Slow Paged Memory Transfer with M2090

I have a problem where paged memory transfers with the Tesla M2090 are very slow:

[font=“Courier New”]Device 0: Tesla M2090
Quick Mode

Host to Device Bandwidth, 1 Device(s), Paged memory
Transfer Size (Bytes) Bandwidth(MB/s)
33554432 1832.4

Device to Host Bandwidth, 1 Device(s), Paged memory
Transfer Size (Bytes) Bandwidth(MB/s)
33554432 1597.6
[/font]

But with pinned memory:

[font=“Courier New”]Device 0: Tesla M2090
Quick Mode

Host to Device Bandwidth, 1 Device(s), Pinned memory
Transfer Size (Bytes) Bandwidth(MB/s)
33554432 5735.8

Device to Host Bandwidth, 1 Device(s), Pinned memory
Transfer Size (Bytes) Bandwidth(MB/s)
33554432 5534.9

[/font]
Any ideas what could be causing this or if there is any way to speed up paged memory? I’m running Centos 6.2 and the NVidia driver 295.49. I have 36GB of RAM and 2 CPUs (Xeon E5630). The system is a Supermicro 1026GT-TF-FM209:
http://www.supermicr…F.cfm?GPU=FM209

The odd thing is that even the the M2090 is “top of the line”, the paged memory transfers are slower than EVERY other GPU board I have (Tesla C1060, GTX 280M, GTX 460, GTX 480, GTX 580). This is frustrating because we bought 6 systems, each with 2 M2090s, and all seem to suffer from the same slow paged memory transfers.

Thanks!

Hi,

It might be due to some unwanted NUMA effect. Try playing around with numactl. For example, on my own machine with 2 M2090, here is what I get:

$ numactl -m 0 bandwidthTest 

[bandwidthTest] starting...

Running on...

Device 0: Tesla M2090

 Quick Mode

Host to Device Bandwidth, 1 Device(s), Paged memory

   Transfer Size (Bytes)	Bandwidth(MB/s)

   33554432			4281.1

Device to Host Bandwidth, 1 Device(s), Paged memory

   Transfer Size (Bytes)	Bandwidth(MB/s)

   33554432			3482.0

Device to Device Bandwidth, 1 Device(s)

   Transfer Size (Bytes)	Bandwidth(MB/s)

   33554432			120670.9

$ numactl -m 1 bandwidthTest 

[bandwidthTest] starting...

Running on...

Device 0: Tesla M2090

 Quick Mode

Host to Device Bandwidth, 1 Device(s), Paged memory

   Transfer Size (Bytes)	Bandwidth(MB/s)

   33554432			2891.6

Device to Host Bandwidth, 1 Device(s), Paged memory

   Transfer Size (Bytes)	Bandwidth(MB/s)

   33554432			2402.2

Device to Device Bandwidth, 1 Device(s)

   Transfer Size (Bytes)	Bandwidth(MB/s)

   33554432			120476.1

$ numactl -i all bandwidthTest 

[bandwidthTest] starting...

Running on...

Device 0: Tesla M2090

 Quick Mode

Host to Device Bandwidth, 1 Device(s), Paged memory

   Transfer Size (Bytes)	Bandwidth(MB/s)

   33554432			3468.4

Device to Host Bandwidth, 1 Device(s), Paged memory

   Transfer Size (Bytes)	Bandwidth(MB/s)

   33554432			2828.7

Device to Device Bandwidth, 1 Device(s)

   Transfer Size (Bytes)	Bandwidth(MB/s)

   33554432			120663.6

My worst case scenario is still way better than yours but that is still a possibility…

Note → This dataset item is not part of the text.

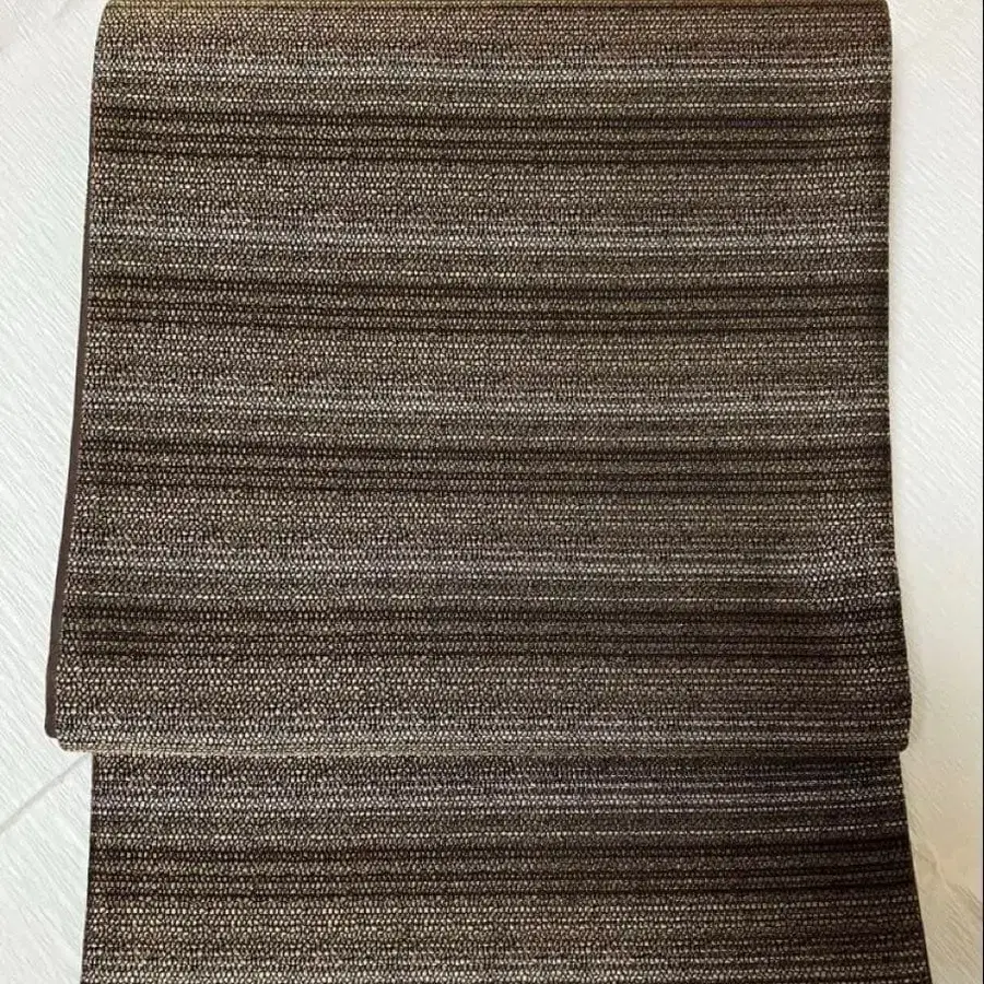 순수 실크 후쿠로 오비 전체 무늬 가로 줄무늬 금실 다크 브라운 계열

Thanks for the info. I didn’t know about [font=“Courier New”]numactl[/font] or the issues there. I was able to speed up the transfer by trying various things, but I still don’t achieve the speeds you’re seeing. May I ask what motherboard/CPU you’re using?

Thanks again!

The nodes are supermicro twins with Intel Xeon X5560 connected to a NextIO vCORE Extreme cabinet, exposing two M2090 per node.
No adds whatsoever, but that works damn well.